# Transfert de fichier excel de ipad à ordinateur



## quent182 (28 Juin 2012)

Bonjour à tous,

Je n'arrive pas à ouvrir des fichiers .xlsx et .xls sur mon ordinateur (macbook ou PC) que j'ai modifié sur mon iPad.
Pouvez vous m'aider?

explication du problème:

Je créé un document sur excel 2008 pour mac sur mon macbook. Je le transfert sur mon iPad et l'ouvre avec Office². De là je le modifie (ou pas) et le renvoi par mail à mon ordinateur.
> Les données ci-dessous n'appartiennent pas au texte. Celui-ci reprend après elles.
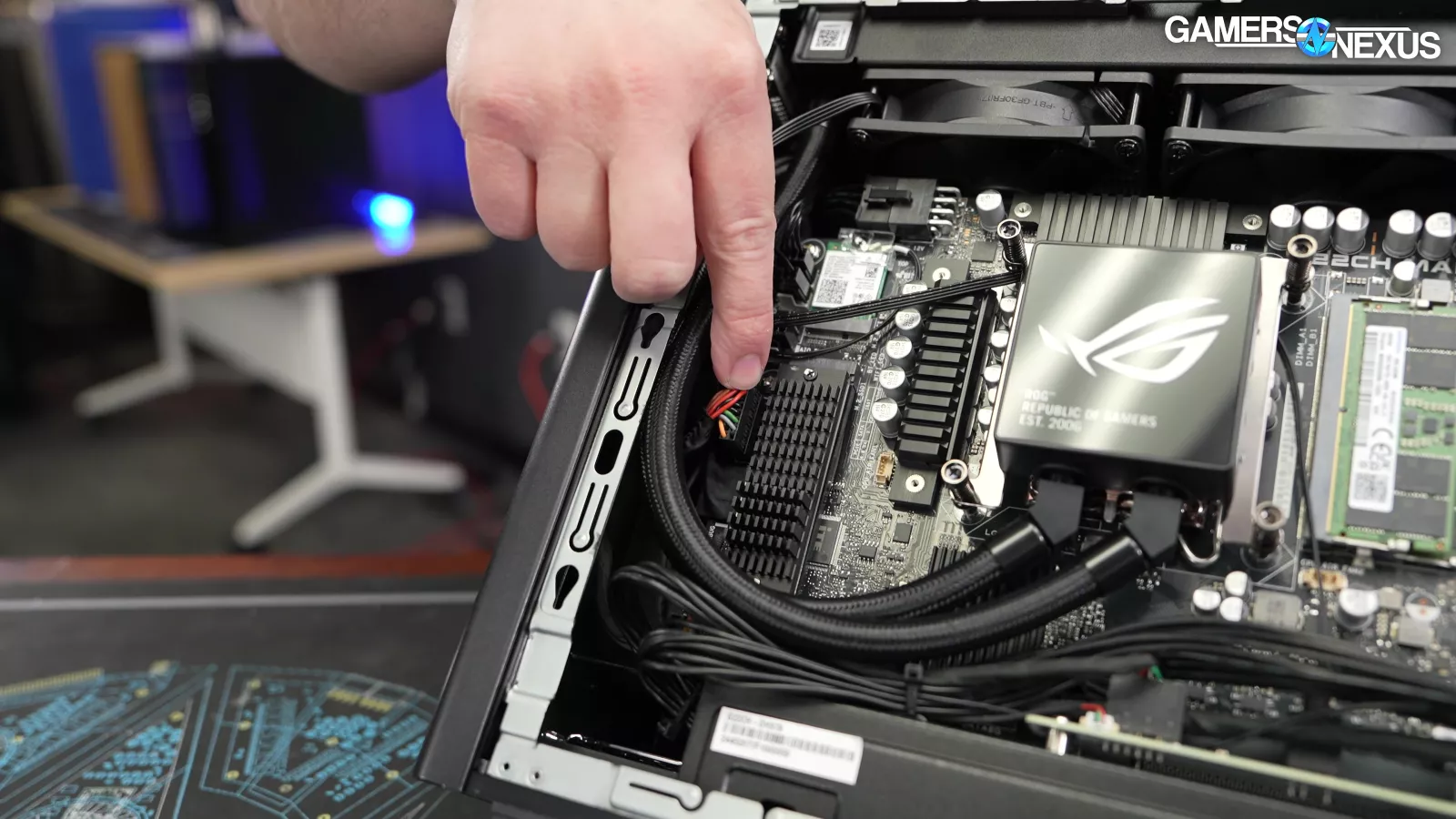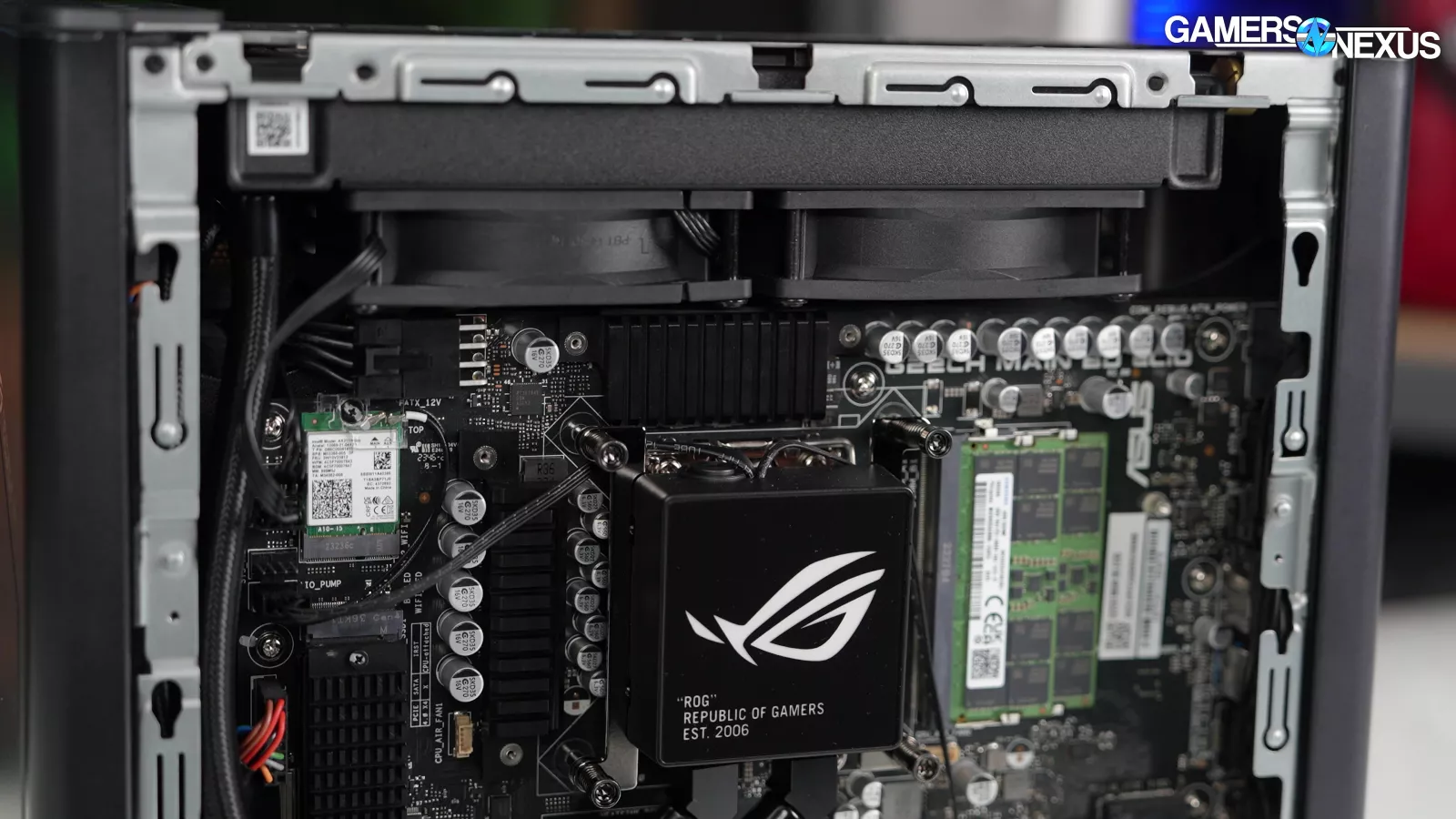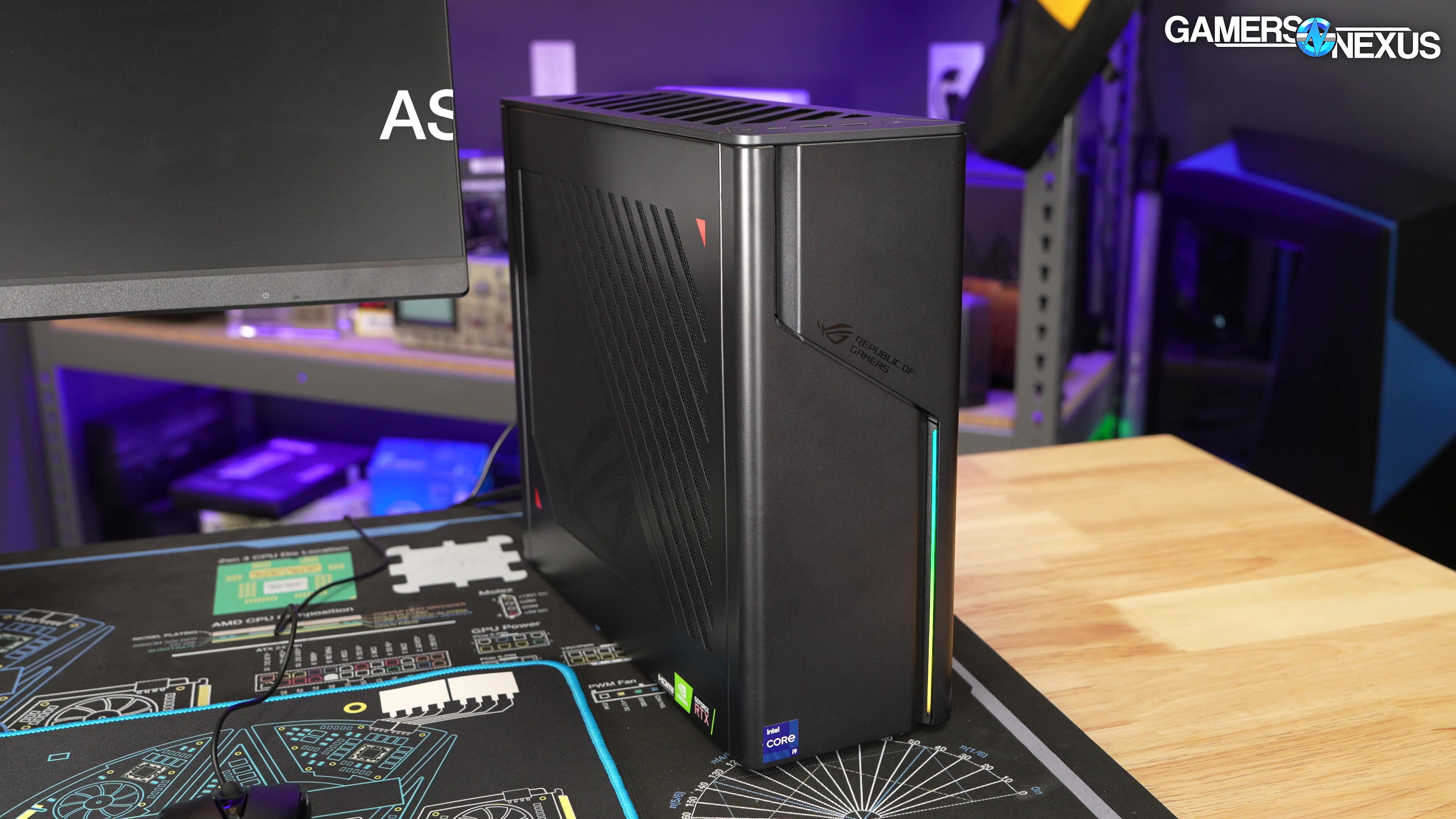 ASUS ends up with a premium of around $850-$875 over DIY, depending on day to day price fluctuations. That’s not as bad as the Corsair i500 (watch our review), but is still way beyond what’s reasonable, and is insulting considering the shortcomings of functionally turning the 14900K (read our review) into a lower-spec part.

Et là impossible de l'ouvrir, que ce soit sur excel, safari ou google.doc.....

et j'ai vraiment besoin que cela fonctionne.

Merci de votre aide.


----------



## Powerdom (29 Juin 2012)

Bonjour,

Comment faites vous pour avoir office sur iPad ? 
À ma connaissance il n'existe pas.


----------



## quent182 (29 Juin 2012)

Il existe une application Office² HD sur iPad...........


----------



## Gwen (29 Juin 2012)

Peut-être n'est ce compatible qu'avec Excel 2011 et non 2008 ?


----------



## Powerdom (29 Juin 2012)

quent182 a dit:


> Il existe une application Office² HD sur iPad...........



je l'ignorais. Sans doute une histoire de compatibilité comme le dit gwen.


----------